If it were a sentient being, the institution of the Senate would self-immolate in response to the stunning amount of hypocrisy oozing out of every Republican.
"Presidents deserve to have their teams in place—it is that simple," Senator Roy Blunt, Republican of Missouri and chairman of the Rules Committee, told the panel last week. "It applies to whatever party occupies the White House."
That's how they are justifying a "mini-nuclear" option they are about to pass to get the Russian asset's nominations through the Senate at a faster clip and with even less scrutiny. They are going to shorten the required debate time for executive and some judicial branch nominees—the cloture "ripening" hours—from as many as 30 hours to just two. Majority Leader Mitch McConnell, the man bent on dismantling every vestige of the institution, who blockaded an imminently qualified Supreme Court nominee of a Democratic president, says, "I just don’t think it is fair in any way to continue the practice we have seen on full display here. […] It is time for the Senate to change the practice before it becomes so pervasive that the genie never gets back in the bottle." That practice being Democrats forcing the full 30 hours of debate.
Look at the stats: In the first two years of the Trump administration, there have been 53 district court judges confirmed; President Obama had 15. There have been 30 appellate court judges from Trump confirmed in the past two years—the most ever. Those, and two Supreme Court justices. It's worth mentioning that there are so many vacancies for Trump to fill in large part because Republicans all but shut down the confirmation of these lifetime appointments under Obama. It's also worth mentioning that many of these nominees were pushed through over the objections of home state senators. Democrats have been all but shut out of the process.
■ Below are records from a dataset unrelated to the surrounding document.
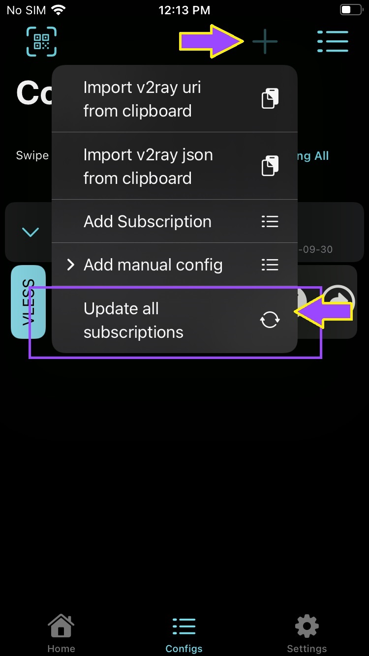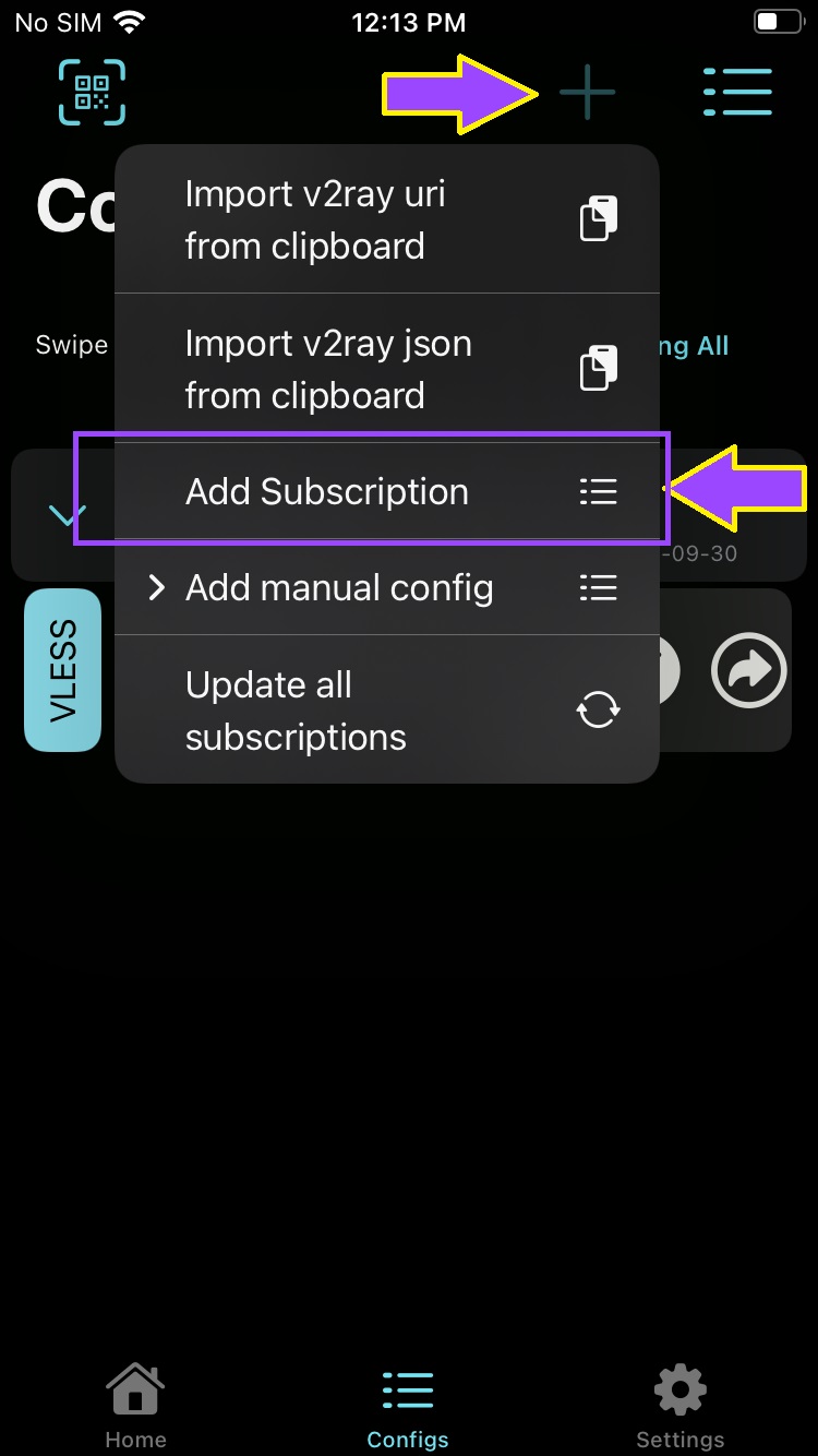 پس از ورود به تب Configs از بالا سمت راست علامت بعلاوه + را زده و در منوی باز شده گزینه Add Subscription را مطابق تصویر بالا انتخاب می کنیم.
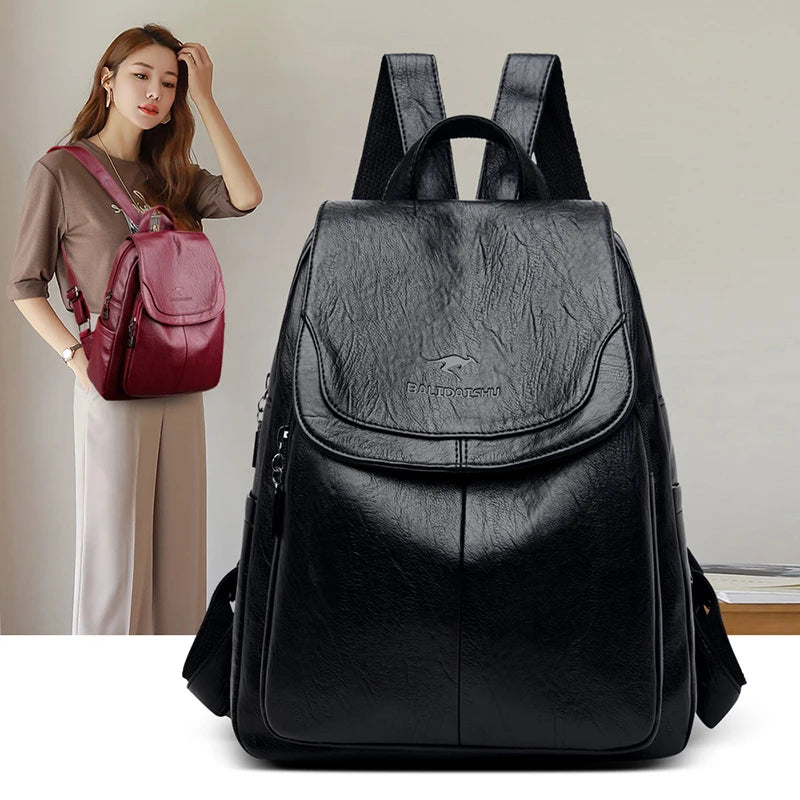 This backpack is designed for teenage girls with its multifunctional features and high-quality leather material. Perfect for school and daily use.
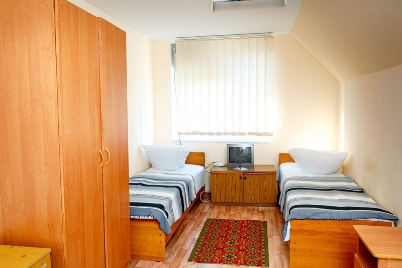 Мебель: односпальные кровати, стулья, шкаф, прикроватные тумбочки, вешалка, зеркало.
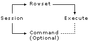The session object creates a rowset object. If the provider supports commands, the session also creates a command object (CCommand, implementing the OLE DB TCommand). The command object implements the ICommand interface and uses the ICommand::Execute method to execute commands on the rowset, as shown in the following figure.
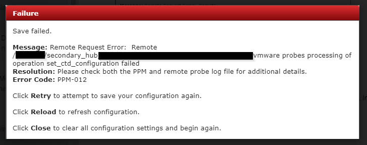 When trying to save a new profile in the vmware probe, I am getting a PPM-012 error for "processing of operation set_ctd_configuration failed" and the configuration cannot be saved.
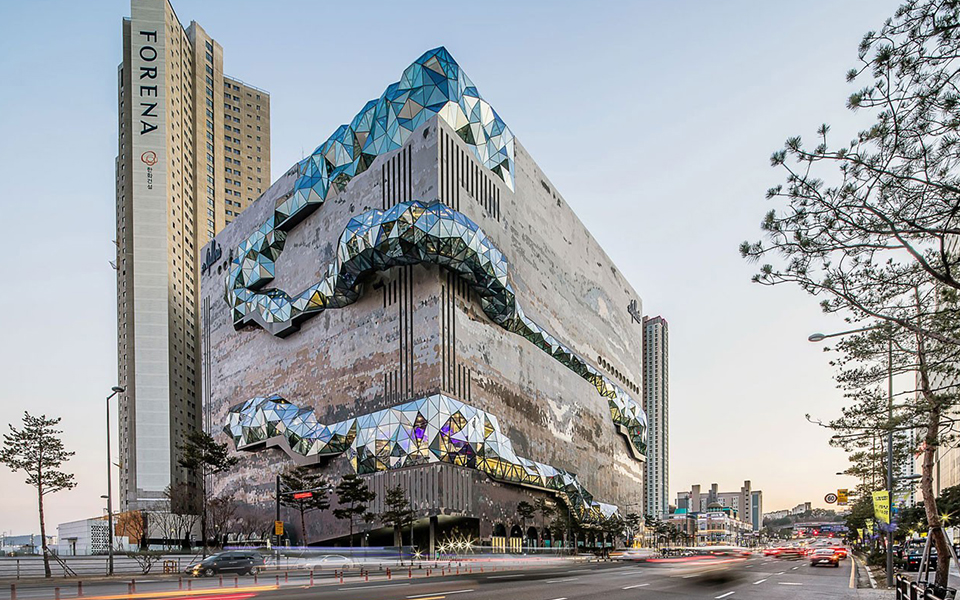 현대적인 쇼핑 경험을 제공하는 공간으로, 독특한 건축 디자인이 특징입니다.
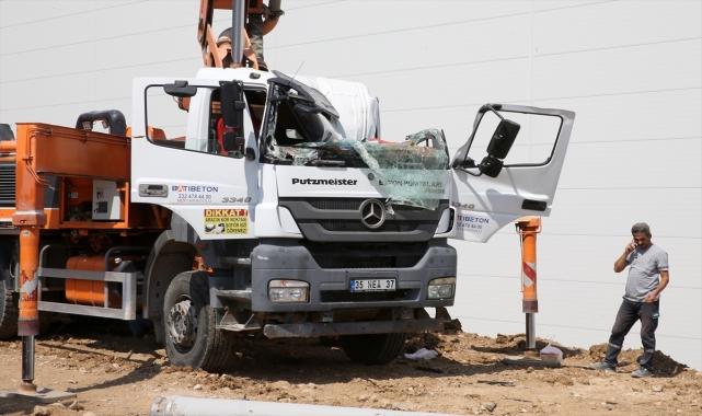 Manisa Organize Sanayi Bölgesi Hasan Türek Bulvarı'nda yapımı süren bir fabrika şantiyesinde çalışan fore kazık makinesi, aynı bölgede beton döken 35 HEA 37 plakalı beton kamyonunun üzerine devrildi.Araç içerisine sıkışan kamyon şoförü Tevfik Türker (42), itfaiye ekiplerince bulunduğu yerden çıkarıldı.İlk müdahalesi şantiyede yapılan Türker, ambulansla Manisa Celal Bayar Üniversitesi Hafsa Sultan Hastanesinde tedavi altına alındı.
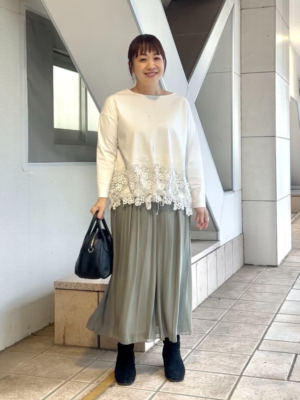 【トップス】ホワイト着用 裾の絞りと腰回りのレースがポイントのカットソーです◎ カットソーは少し伸縮性のあるので着心地も楽ちん。繊細なレースとの組み合わせはカジュアル過ぎず合わせられますよ。 裾のリボンは絞り具合を調整できるのでシルエットに変化も出せます。 パンツやスカートなどボトムも選ばないので幅広いコーディネートが楽しめますよ。 【パンツ】1サイズ/カーキ着用 スカートの様に柔らかくて軽いですが、なんとパンツなんです! 透け感のある柔らかなシフォン素材をたっぷりと使用したギャザーパンツです。 スカートのようなデザインで女性らしくフェミニンに。 ウエストはゴム仕様で着脱も楽ちんですよ。シワも気にならないので旅行にもオススメです。 シーズンレスで履けるので色々着回しも楽しめます◎ 【バッグ】ブラック着用 コロンとしたフォルムが可愛いミニバッグ。 見た目以上の収納力でペットボトルも入ります (横に収納) 両面には外ポケットもついており、スマホや鍵などすぐに取り出したいものなど、出し入れも楽ちん! ショルダーベルト付きで2way仕様になってます◎

So when McConnell is telling Democrats that they're forcing him to do this because of their obstruction, it's adding insult to injury. "It has created some hard feelings because it was consciously done in the hopes that your party would win the next presidential election, and you did," Illinois Democrat Dick Durbin told McConnell. "When we talk about records of obstruction, I think that record has been broken at the highest level."